• [REQUIRED ACTION] Look through the data below and output, unchanged, every line from the one holding "Per uomo Polo" through the one holding "Invitaciones fotográficas Bodas", inclusive. Skip the pictures.

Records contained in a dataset
== Segment start ==

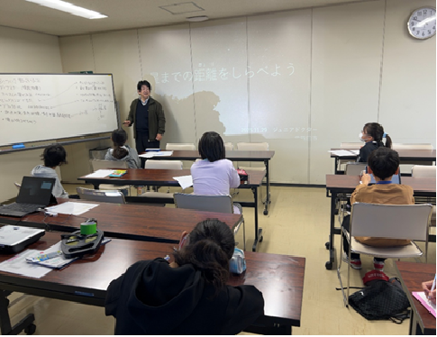 講座の冒頭では、受講生一人ひとりが「宇宙について知っていること」を発表しました。惑星や星座の話、ブラックホール、宇宙の広さに関する疑問など、さまざまな意見が出ていました。
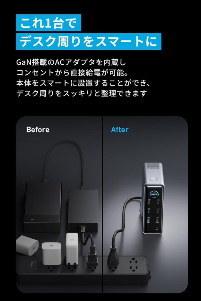 GaN搭載でコンパクトながらも、USB PD最大100W出力、デュアルディスプレイ対応、最大14ポートという圧倒的な拡張性を誇ります。
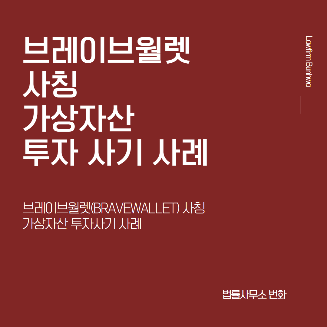 오늘은 브레이브월렛(BraveWallet)이라는 가상화폐 지갑 등을 영위하는 가상자산 회사를 사칭하며 피해자들에게 접근한 뒤 투자를 유도하며 계속하여 많은 투자금을 지급하에 한 후 나중에는 투자금 뿐 아니라 수수료 또는 세금 명목의 금원까지 편취한 사례를 소개해드리겠습니다.
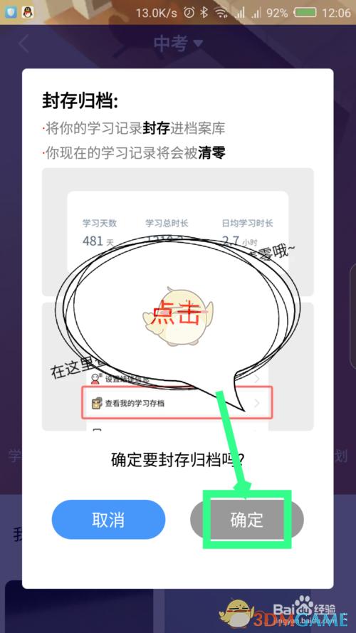 5、点击确定后,屏幕上面会有提示,归档学习记录成功,然后学习设置新的学习目标。如图所示
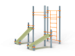 Воркаут состоит из десяти несущих столбов, девяти перекладин и двух скамей из бруса с зажимными хомутами.
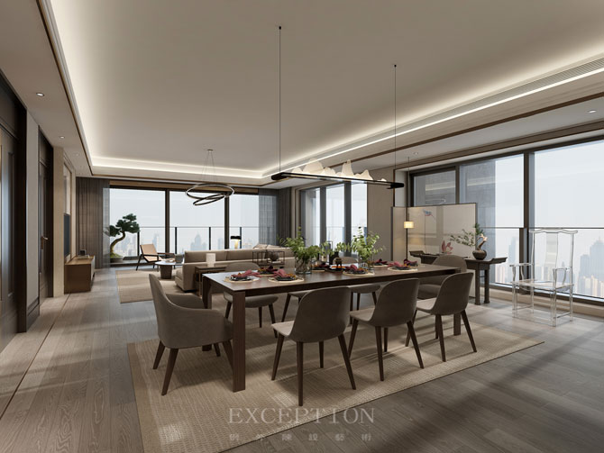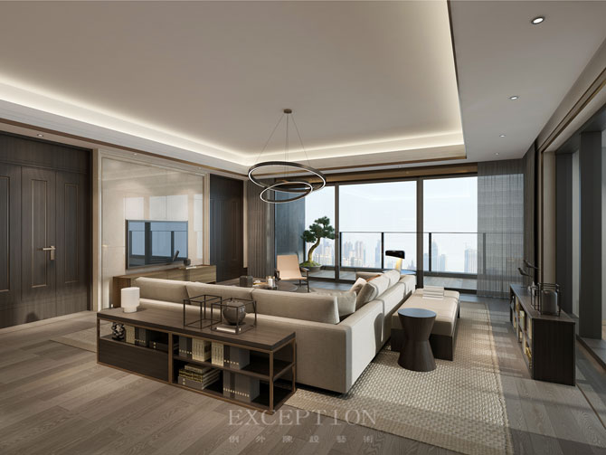 米咖的主調下,凜直干練的線條游走在邊幾、柜沿上,中式的風姿立現。松風燦陽,倚窗神思,心境開闊。
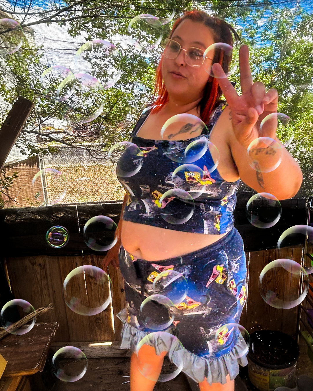 Cartoon chaos meets cosmic comfort in this Handmade Space Sponge Set. Reworked from upcycled pajama fabric, this matching crop top and ruffle shorts combo is soft, silly, and ready for lounging, dancing, or stargazing in style. It’s giving bedtime, but make it fashion.
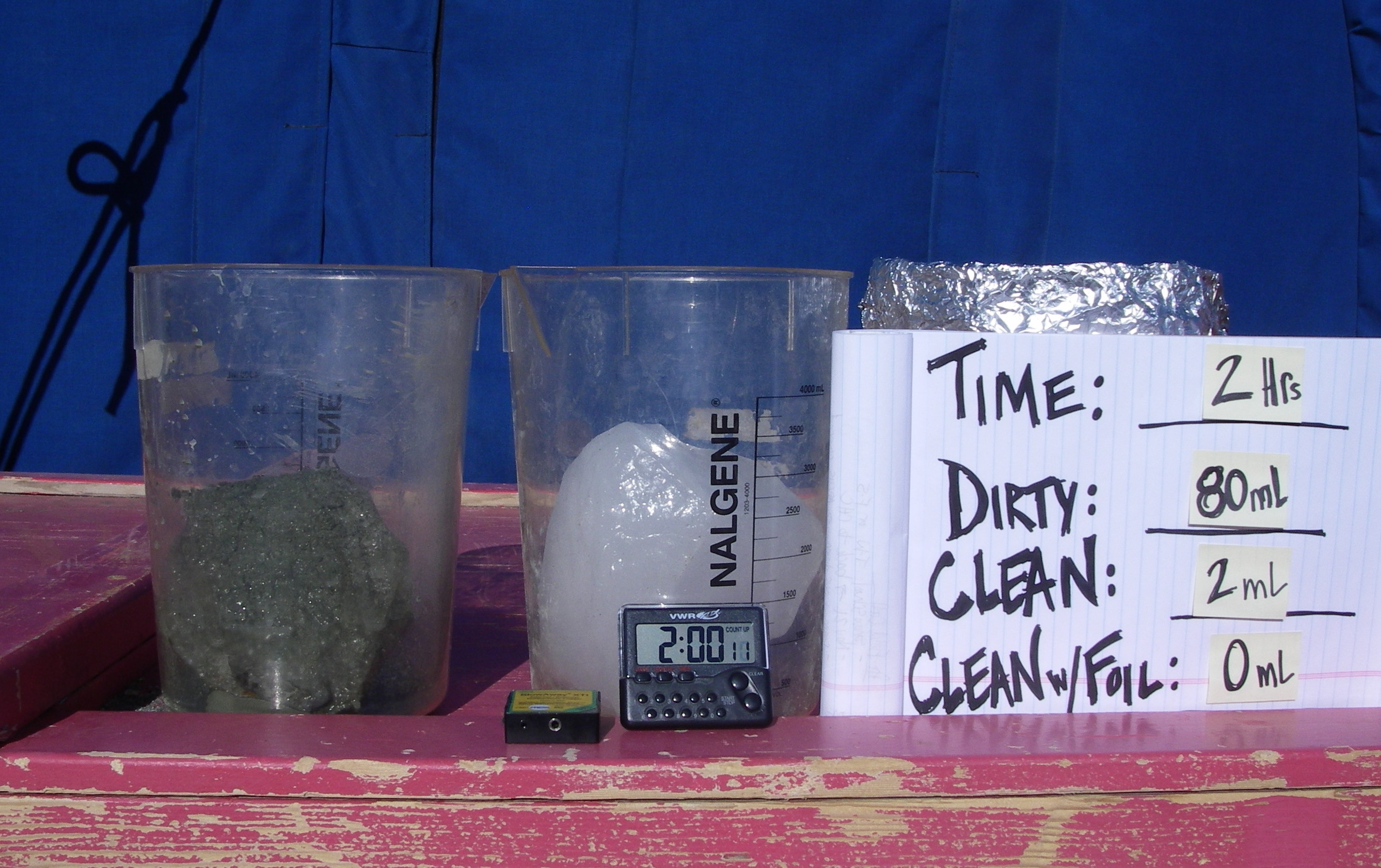 After two hours the dirty ice created 80mL of melt water, the clean ice created 2mL of melt water, and the clean ice with foil created 0mL of melt water. McMurdo Dry Valleys, Antarctica.
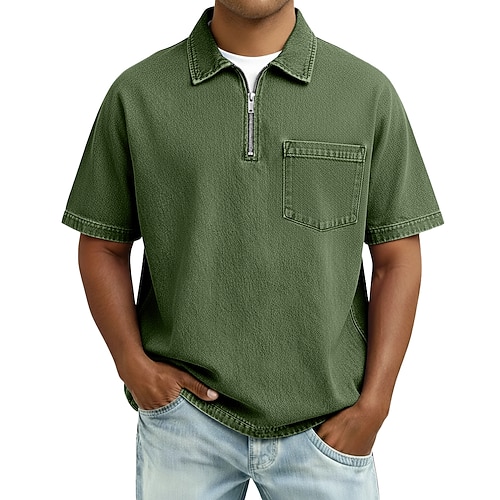 Per uomo Polo in Cotone Maglia da golf Abbigliamento quotidiano Data Zip a un quarto Manica Corta Moda Essenziale Semplice Cerniera Tasca Estate Primavera Primavera Estate Vestibilità regolare
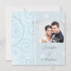 Invitaciones fotográficas Bodas de vacaciones de invierno en azul y blanco clásico con elegante diseño de copos de nieve y remolinos, Personalizable con los detalles de su boda, sus nombres y su propia foto. Disponible en sellos de vacaciones de invierno, sobres, etiquetas y tarjetas. Perfecto para un invierno o un boda Navidad.
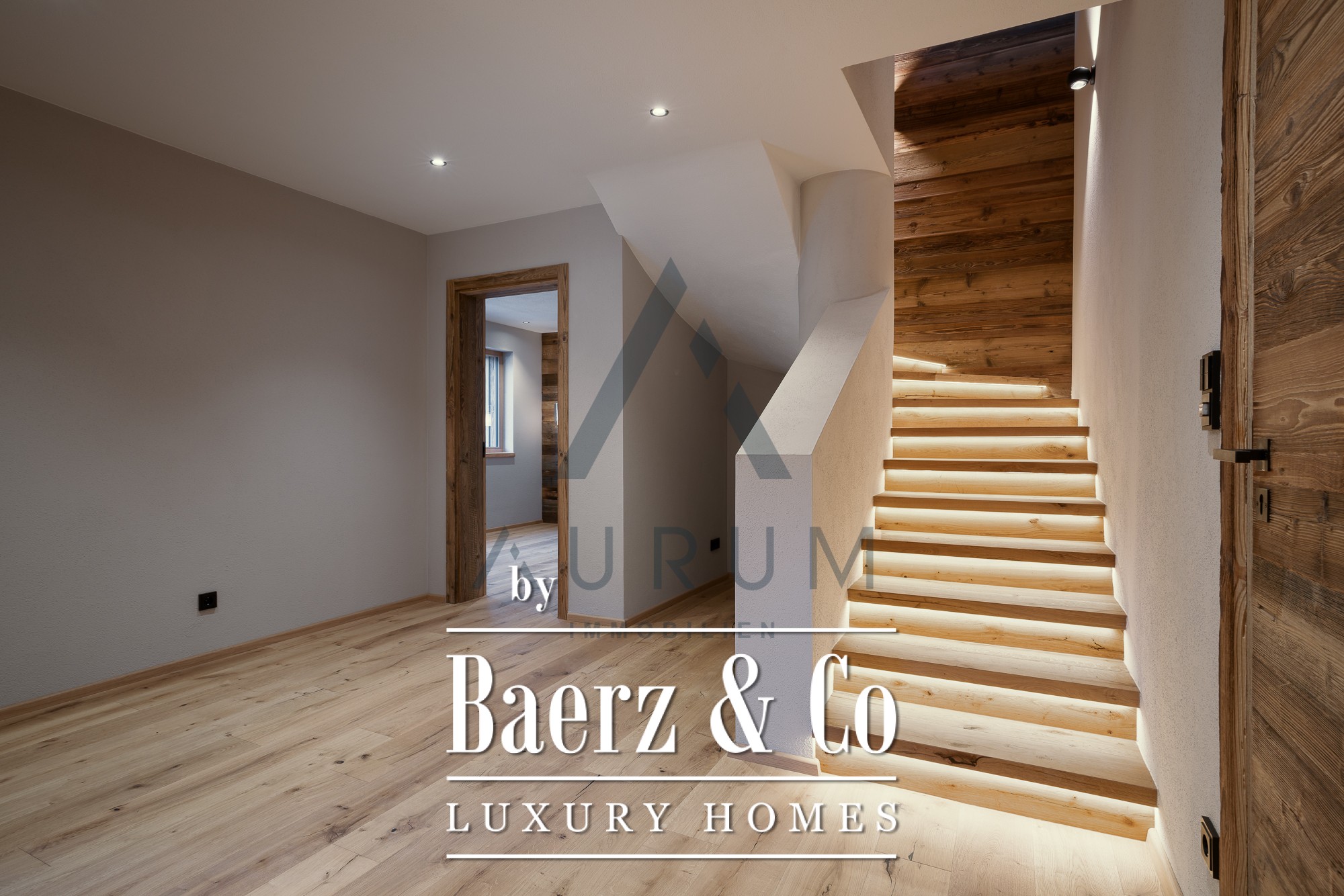 A grand staircase or private elevator ushers you into 200 m² of living space, where reclaimed wood, natural stone, and glass compose a facade attuned to Kitzbühel's modern vernacular. Inside, the first level’s three fully furnished bedrooms each offer bespoke carpentry, built-in wardrobes, and en-suite bathrooms, all connected by a thoughtfully proportioned hall. The master bedroom leads directly to a sun-bathed balcony, lending a distinct sense of retreat.
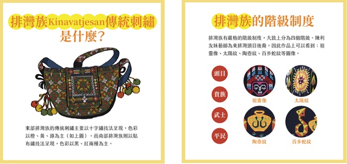 「很久很久以前,太陽神生下兩顆蛋,分別掉入兩個不同的陶甕,並由兩條百步蛇守護、孵化,其中一顆孵出了排灣族的王子,另外一顆則誕生了純潔又美麗的公主」,陳利友妹說明她大幅刺繡作品上的神話傳說。她3歲時即跟隨母親學習刺繡,自幼耳濡目染,也從母親那裡學到部落文化,並持續精進傳統族群文化知識與刺繡技巧,對排灣貴族階級、社會文化及相關紋飾,以及卑南族的文化,都有高度的理解及運用。
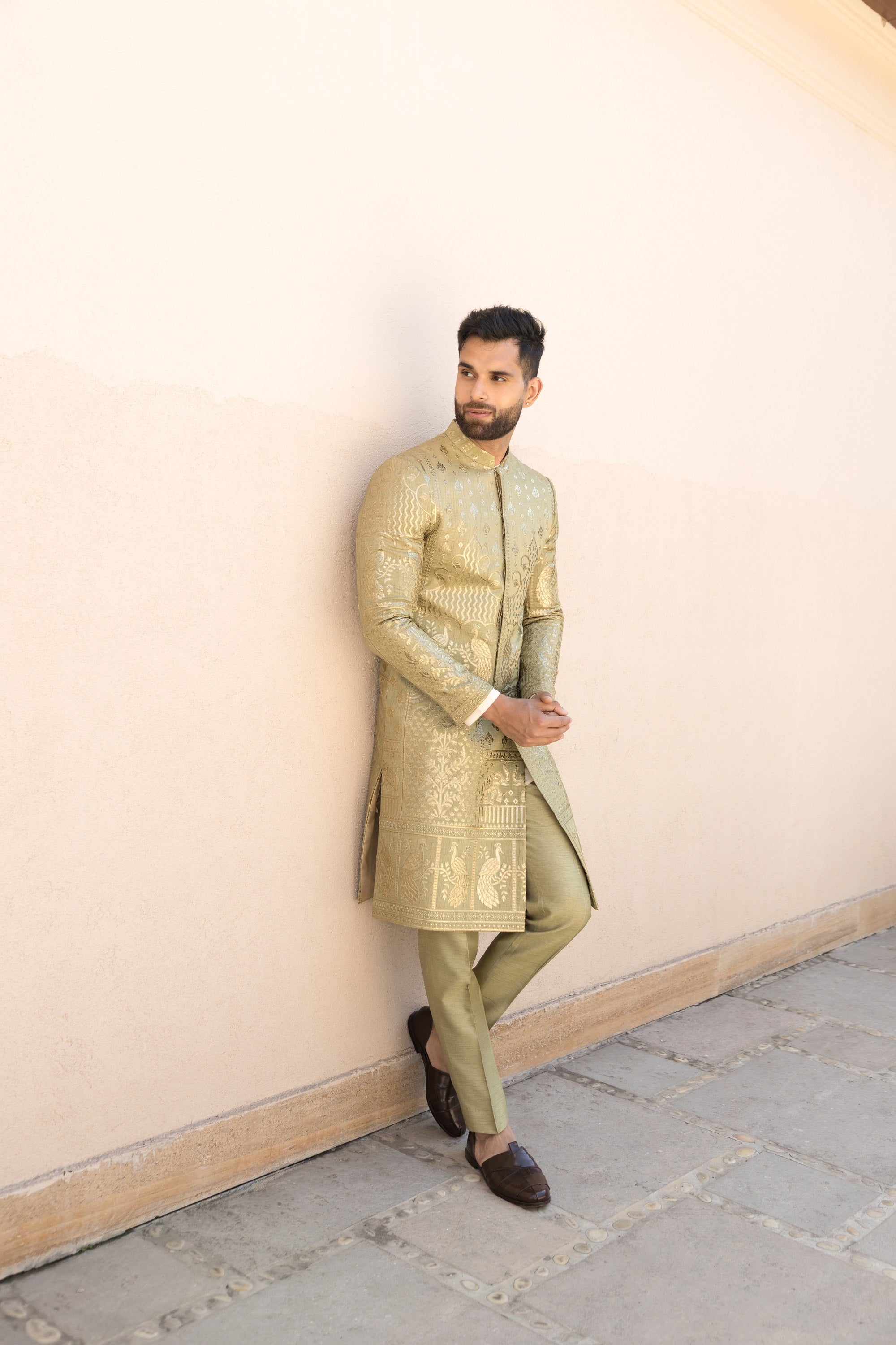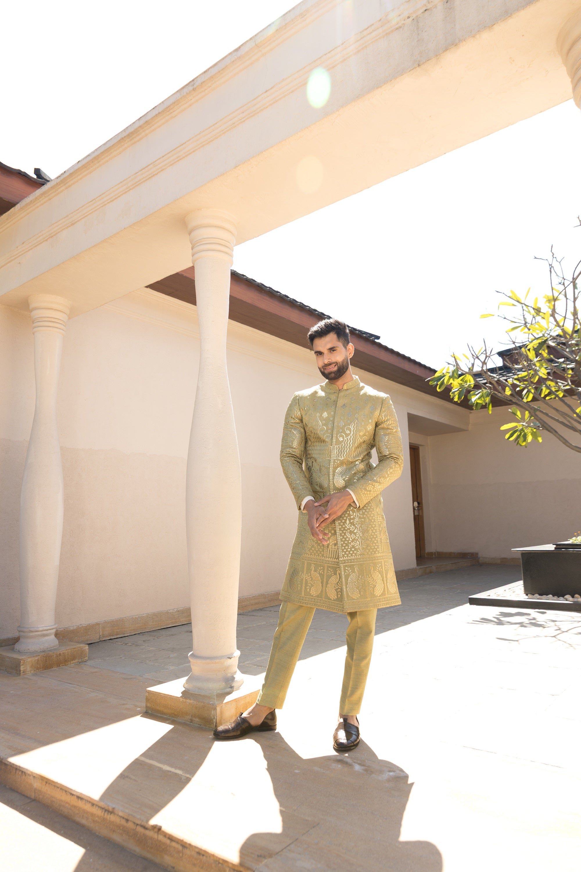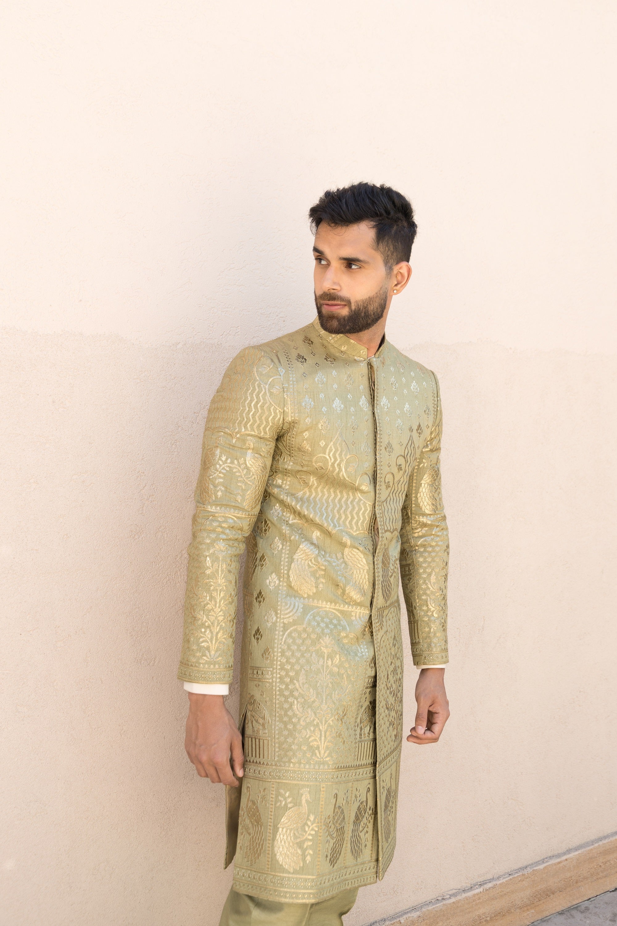 The olive green sherwani set, made from premium silk fabric, offers a perfect blend of opulence and sophistication. The rich, deep hue paired with the smooth, lustrous texture of silk creates a timeless and regal appearance, making it an ideal choice for weddings, festive occasions, or any event where you want to make a statement of style and elegance.
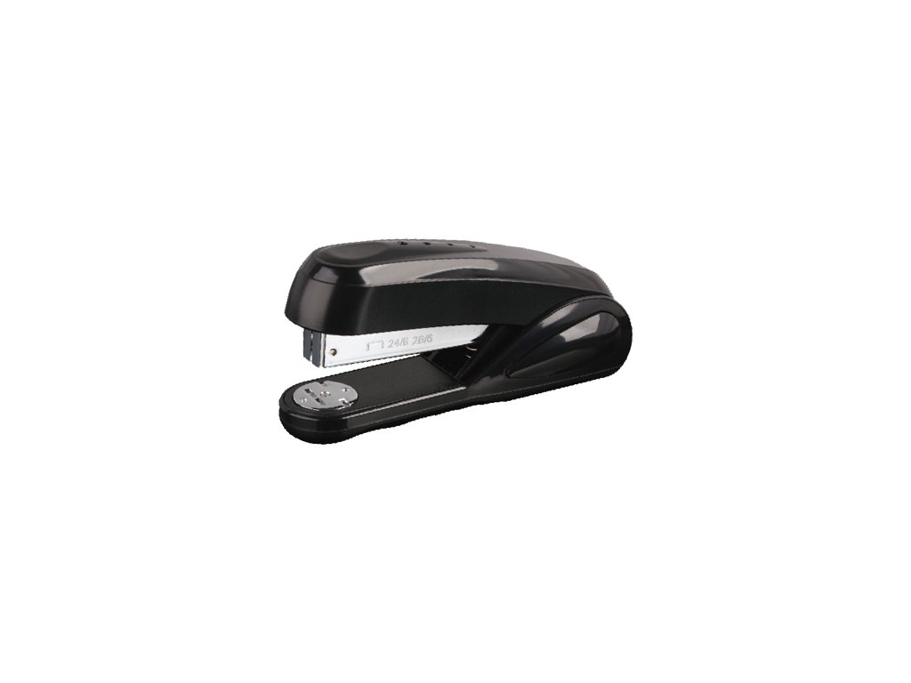 Plastová zošívačka v čiernom prevedení, výkon zošitia až do 20 listov, vhodná náplň spiniek 24/6 a 26/6. Typ zošita flat clinch - šetrí až 25% miesta ako bežný typ zošitia. Dĺžka ramena: 51 mm.Dodatočné parametre
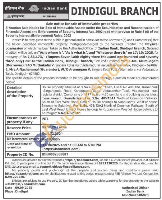 House property situated at S.No.405/13A1, 13A2, Old S.No.405/13A, Kanappadi -Singarakottai Road, Kanappadi Village, Vedasanthur Taluk, Vedasandur sub register district. Comprising of 1877 sq.ft or 4.30-cent land and building as per latest measurement. Boundaries: For S.No. 405/13A1 North of Common Pathway, South of East West Road, East of House belongs to Kuppusamy, West of house Belongs to Sakthivel. For S.No. 405/13A2 North of Common Pathway, South of East West Road, East of House belongs to Kuppusamy, West of House belongs to Arumugam S.No. 405/13A1
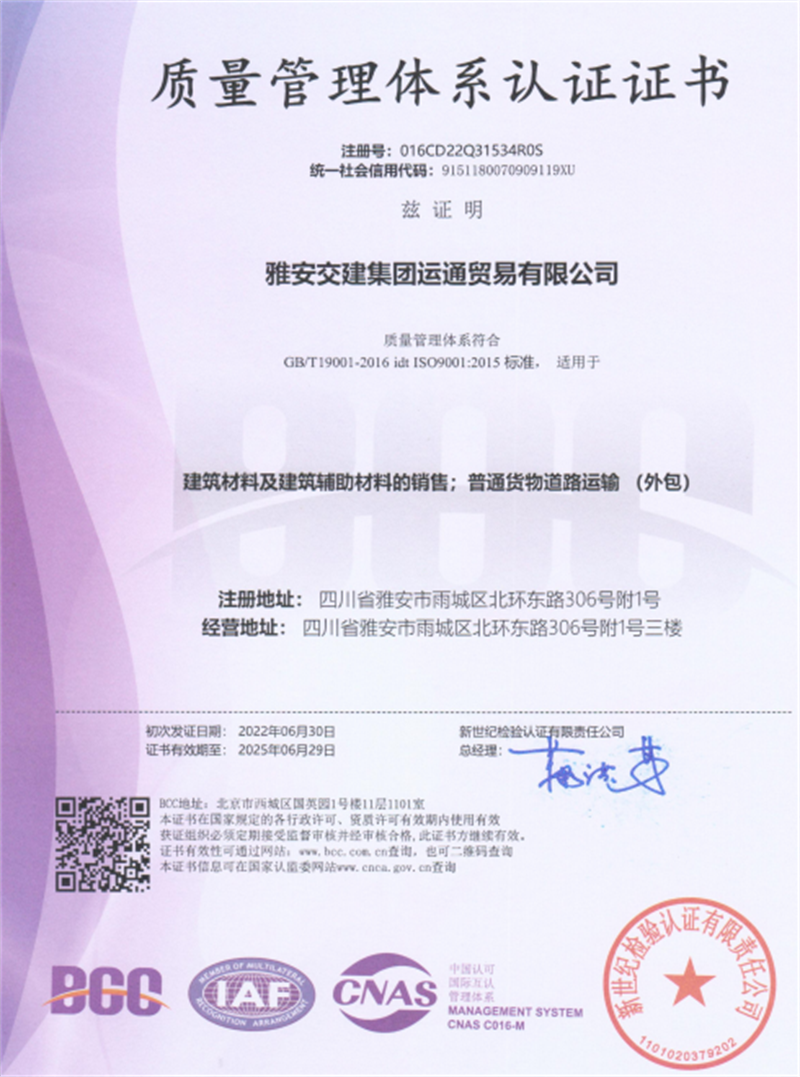 近日,經(jīng)專業(yè)認(rèn)證機構(gòu)嚴(yán)格審核,運通公司順利通過GB/T19001-2016 idt ISO9001:2015質(zhì)量管理體系標(biāo)準(zhǔn)認(rèn)證。
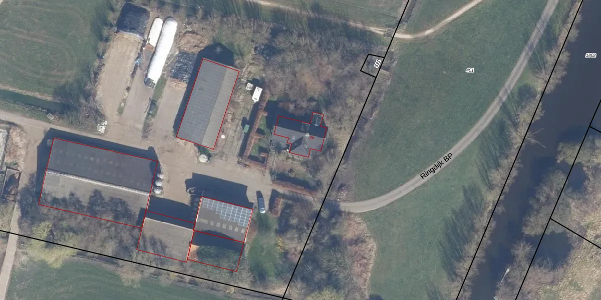 Het perceel waarop Ringdijk BP 26 staat heeft een oppervlakte van 5,9 ha. Dit is een zeer groot perceel. De perceeloppervlakte wordt geregistreerd door het Kadaster. Gedetailleerde informatie over de maten van dit perceel kunt u vinden in het rapport Kadastrale kaart met maatvoering van Ringdijk BP 26.

== Segment end ==

• [OUTPUT BELOW]
 Per uomo Polo in Cotone Maglia da golf Abbigliamento quotidiano Data Zip a un quarto Manica Corta Moda Essenziale Semplice Cerniera Tasca Estate Primavera Primavera Estate Vestibilità regolare
 Invitaciones fotográficas Bodas de vacaciones de invierno en azul y blanco clásico con elegante diseño de copos de nieve y remolinos, Personalizable con los detalles de su boda, sus nombres y su propia foto. Disponible en sellos de vacaciones de invierno, sobres, etiquetas y tarjetas. Perfecto para un invierno o un boda Navidad.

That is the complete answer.